§ **Exercise aim**: Only the pictures are dropped. Restate each line below word for word.

§ **Input data**:
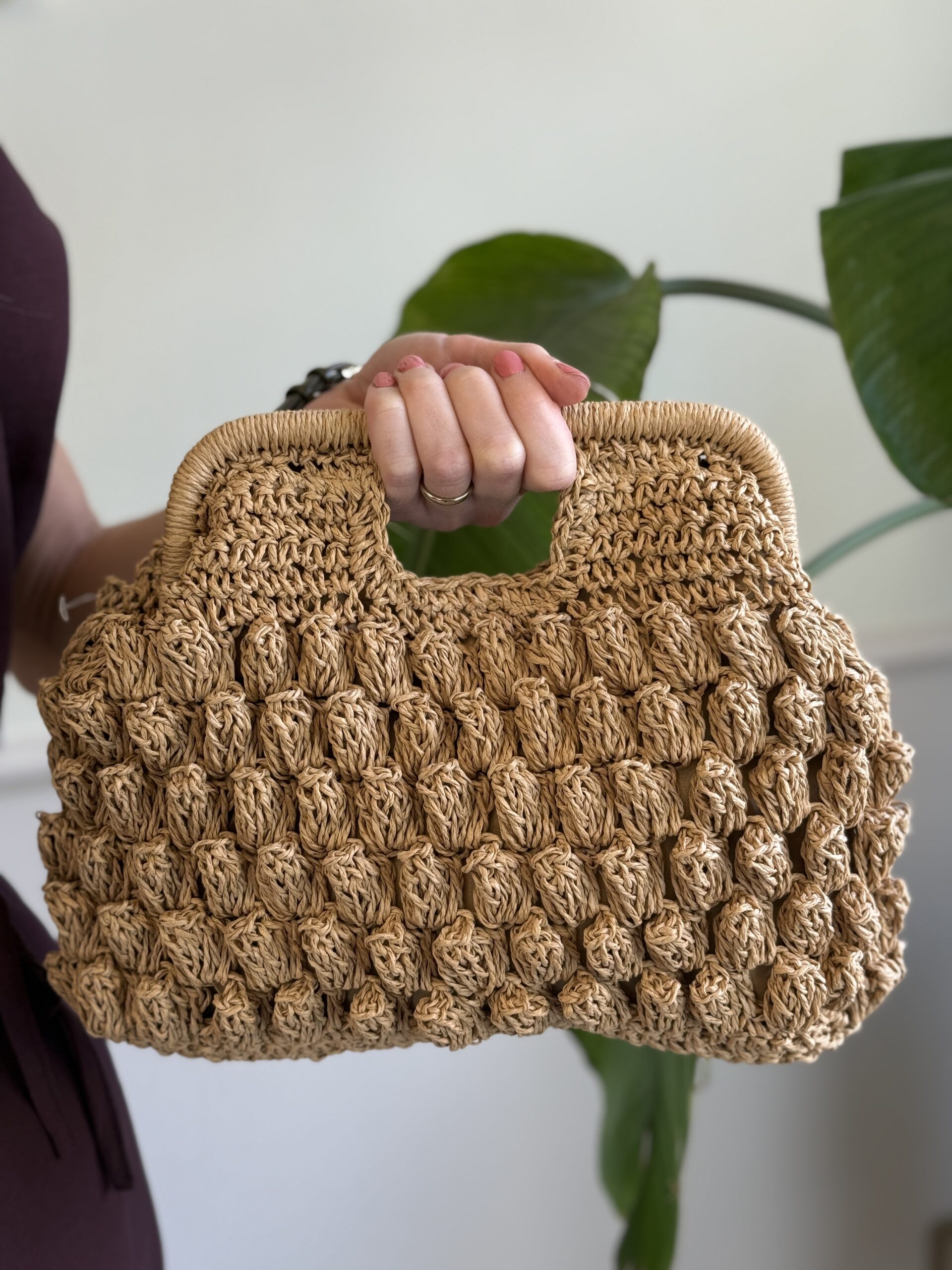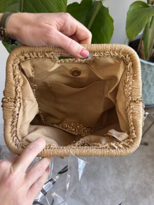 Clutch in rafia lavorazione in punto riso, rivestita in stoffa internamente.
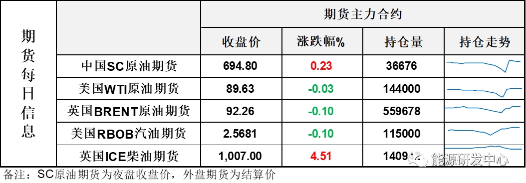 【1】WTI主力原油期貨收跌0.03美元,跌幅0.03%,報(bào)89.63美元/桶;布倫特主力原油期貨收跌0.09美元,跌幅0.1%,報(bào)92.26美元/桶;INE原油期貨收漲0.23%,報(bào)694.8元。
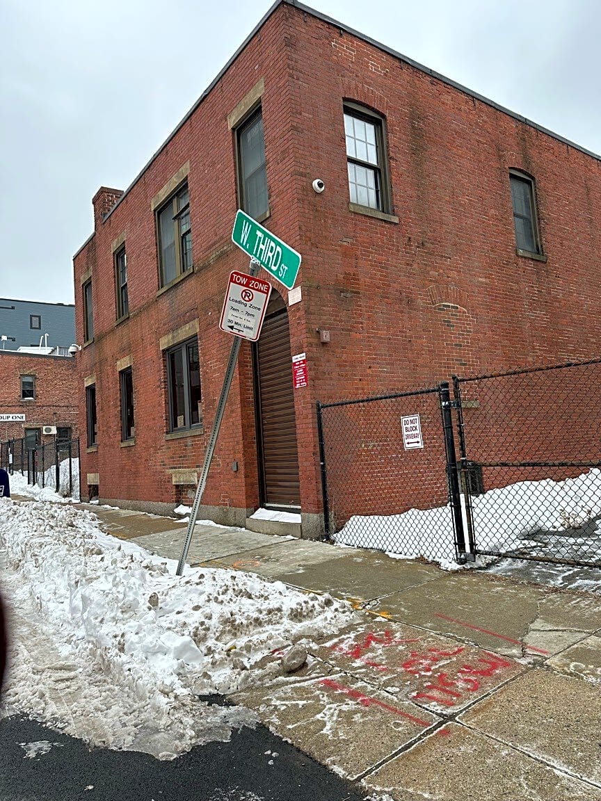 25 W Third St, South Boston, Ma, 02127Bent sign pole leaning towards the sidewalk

§ **Task result**:
 Clutch in rafia lavorazione in punto riso, rivestita in stoffa internamente.
 【1】WTI主力原油期貨收跌0.03美元,跌幅0.03%,報(bào)89.63美元/桶;布倫特主力原油期貨收跌0.09美元,跌幅0.1%,報(bào)92.26美元/桶;INE原油期貨收漲0.23%,報(bào)694.8元。
 25 W Third St, South Boston, Ma, 02127Bent sign pole leaning towards the sidewalk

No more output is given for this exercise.